Starting with VMware Cloud Director 10.1, if the primary database service fails, you can enable VMware Cloud Director to perform an automatic failover to a new primary.

The automatic failover eliminates the need for an administrator to initiate the failover action if the primary database service fails to perform its functions for any reason. By default, the failover mode is set to manual. You can set the failover mode to automatic or manual by using the VMware Cloud Director appliance API. See the VMware Cloud Director Appliance API Schema Reference.
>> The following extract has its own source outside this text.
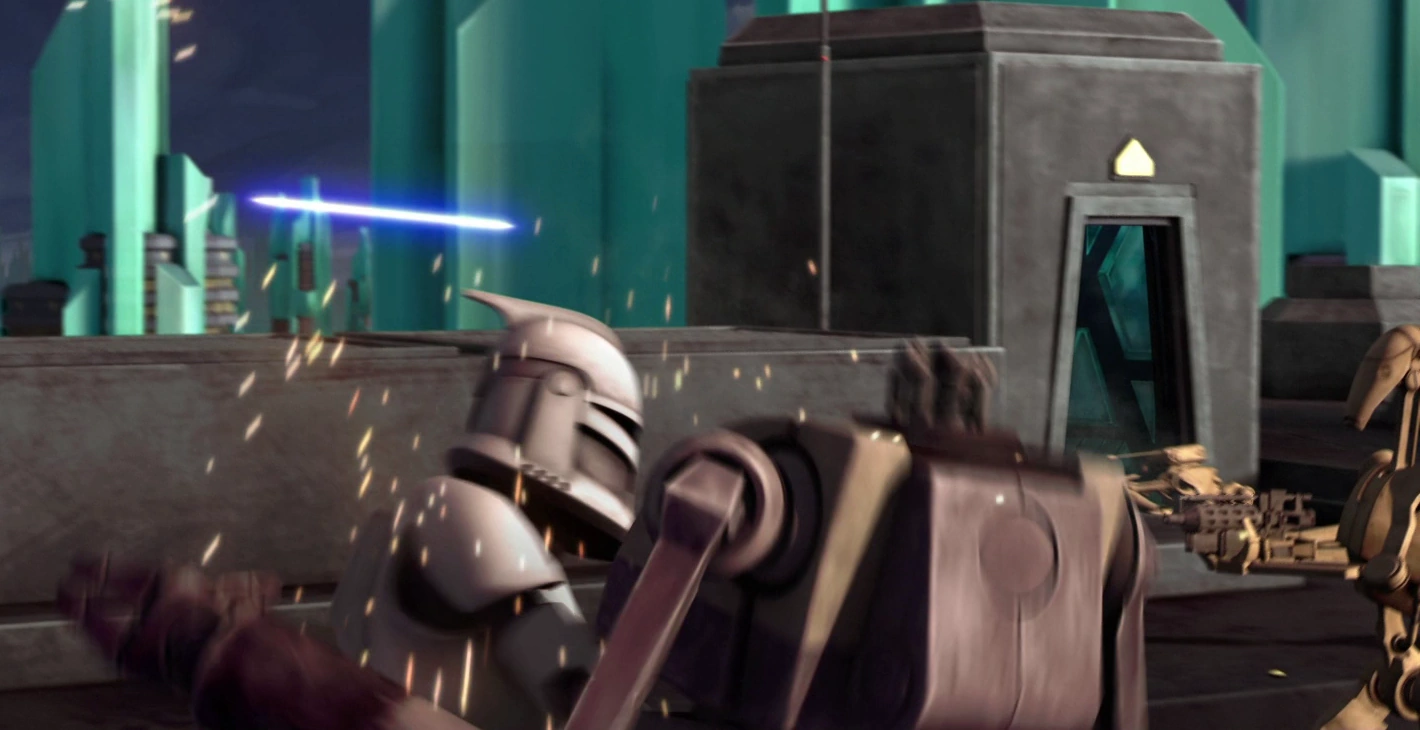 Consequently, by the time the tactical droid led its forces to the towers, it was well aware of the presence of Republic troops. It commanded its B1-Series battle droid forces from its Armored Assault Tank and surprised the Jedi and clones by splitting its troops, thus bypassing the ambush. Battle droids then attacked the south-facing tower, where Kenobi was with his troopers. The droids pinned down Kenobi and his clones, but Skywalker noticed the situation from the north tower. He signaled an LAAT/i gunship for an evacuation and led his clone troopers to help Kenobi. The Republic forces were able to hold their ground but were forced to retreat with the battle droids' larger numbers. As the Jedi and remaining clones took a turbolift to the roof, where the gunship was landing for evacuation, TJ-55 left its tank and followed the Republic troopers with its droid forces.[5]

Note: If your cluster is configured for automatic failover, after you deploy one or more additional cells, you must use the Appliance API to reset the cluster failover mode to Automatic. The default failover mode for new cells is Manual. If the failover mode is inconsistent across the nodes of the cluster, the cluster failover mode is Indeterminate. The Indeterminate mode can lead to inconsistent cluster states between the nodes and nodes following an old primary cell. To view the cluster failover mode, see View the VMware Cloud Director Appliance Cluster Health and Failover Mode.

If your environment has at least two active standby cells, in case of a primary database failure, a database failover is automatically initiated. After the failover, there must be at least one active standby for the new primary database to be updatable. Under normal circumstances, your VMware Cloud Director appliance deployment must have at least two active standbys at all times. If there is only one active standby for a short period, for example, due to the failure of the primary and the promotion of one of the standbys, then the old failed primary must be replaced with a new standby as soon as possible.
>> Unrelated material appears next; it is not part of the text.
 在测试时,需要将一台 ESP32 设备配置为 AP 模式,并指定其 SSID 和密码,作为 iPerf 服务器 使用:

When there is an active primary and at least two active standby cells, the cluster is considered to be in a Healthy state. If there is an active primary and only one active standby, the cluster is in a Degraded state. If there is another database failure while the cluster is in a Degraded state, the primary is not updatable until another standby comes online. When the primary database is not updatable, VMware Cloud Director is not available because the VMware Cloud Director cells are unable to update the database until there is at least one active standby to process a streaming replication from the primary database. The concept of a Healthy and Degraded cluster is the same whether you enable manual or automatic failover.
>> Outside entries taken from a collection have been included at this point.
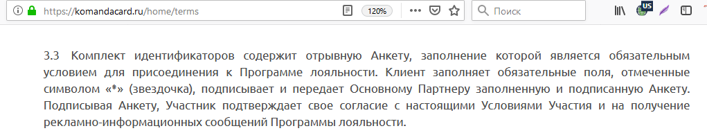 Получить информацию о начисленных бонусах на Вашей карте можно простым и удобным способом – онлайн через сеть Интернет. Для этого карта регистрируется на сайте https://komandacard.ru/ путем заполнения стандартной формы — вводится номер, телефон и пароль, а после этого нажимается кнопка регистрации (фото 1). Чтобы в будущем зайти в свой личный кабинет Вам потребуется указать лишь номер телефона и пароль.
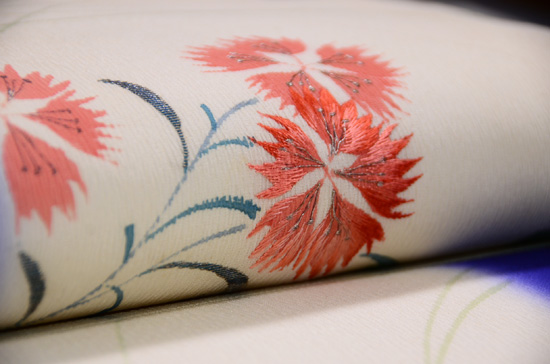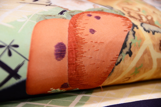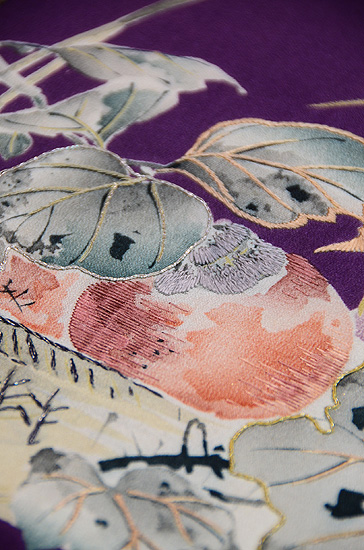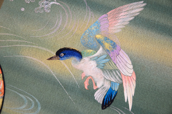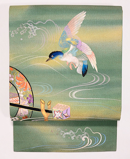 水といえば春ですが、あえて秋の文様が刺されているのが気になります。
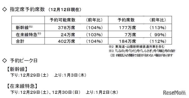 JR6社は2018年12月13日、年末年始の指定席予約状況を発表した。2018年12月28日から2019年1月6日に予約されている新幹線の指定席は、各社とも前年より増加。東海道新幹線は前年より13%増えている。
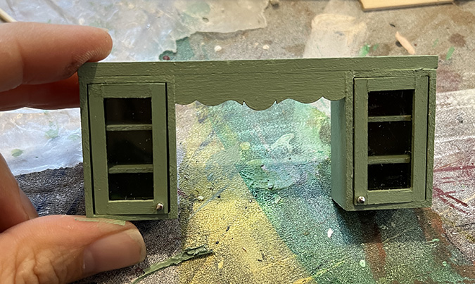 Now it’s time to do something about that big gaping window hole. After a lot of pondering, looking through my stash at different windows, and looking online at pictures of kitchens, I got the idea to make a stained glass window out of laser-cut mullions (sold by D’s Miniatures on eBay).

Figure 1. Manual and Automatic VMware Cloud Director Appliance Failover
An operational state diagram that represents the "No_Active_Primary" state of a primary after a primary database failure, the required administrator input for a standby promotion, and the manual redeployment of the failed primary. Next to it is the operational state diagram for automatic failover. The diagram displays the "No_Active_Primary" state of a primary after a primary database failure, the automatic promotion of a standby cell, and the manual redeployment of the failed primary.